El Estado se vale de una flagrante desigualdad que todos le admitimos (como es la de hacer la ley) para usar esa desigualdad para autodeclararse impune, inmune y más desigual a nosotros aún. Ningún ciudadano privado puede sentarse en el living de su casa, tomar una hoja de papel y declararse inocente por las consecuencias de cualquier acto que cometa de allí en más. Pues eso es lo que hizo la Cámara de Diputados ayer: tomar una hoja de papel y ponerle el nombre de "ley" a un zafarrancho por el cual se declara que los ciudadanos deberán aguantar cualquier daño que el Estado o sus funcionarios le inflinjan porque, por dicha ley, el Estado se autodeclara inmune.
No hay mejor ejemplo que este para ilustrar la advertencia de Montesquieu: el Estado le da una fachada de institucionalidad a la destrucción de las instituciones y del Estado de Derecho.

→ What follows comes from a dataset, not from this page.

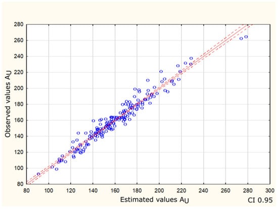 The first stage of modelling was the estimation of linear regression parameters for estimating the usable area of buildings based on a dataset from architectural offices. The initial dataset consisted of 191 one- and two-storey residential buildings with multi-pitched roofs. Figure 1 shows the relationship between the predicted and observed values for the dependent variable: the usable area (AU) of the building, for the last form of the linear model, considered to be optimal, after rejecting 8 outliers and resigning from the most insignificant variable—the boiler room (B). The goodness-of-fit of this model to the data is at the level of 95%.

Por eso,  como esto sucede al mismo tiempo en el que otras aparentes acciones del gobierno entusiasman a algunos sobre cierto cambio pro-instituciones, pro-racionalidad, pro-libertades, pro-diálogo, pro-regreso al mundo, pro-legalidad, sería bueno advertir que todas esas son ilusiones: el modelo de absolutismo del Estado no se cambia. Que la escasez de recursos ponga en vigencia la famosa máxima de que la necesidad tiene cara de hereje, y haya que taparse la nariz para (temporariamente) hacer ciertas cosas que repudiaban hasta no hace mucho, no quiere decir que no las sigan repudiando y que pasado el Rubicón vuelvan sobre ellas.
La aprobación en diputados de la ley que termina con la vigencia del Estado de Derecho en la Argentina el mismo día en que medio país se alegraba porque se alcanzaba un acuerdo preliminar con Repsol por la confiscación de YPF, no deja de ser palmariamente sugestiva. Lo que ocurrió en diputados es lo principal. Lo que ocurrió en Madrid y en Buenos Aires son simplemente accesorios prácticos a los que hay que recurrir para no renunciar a nada.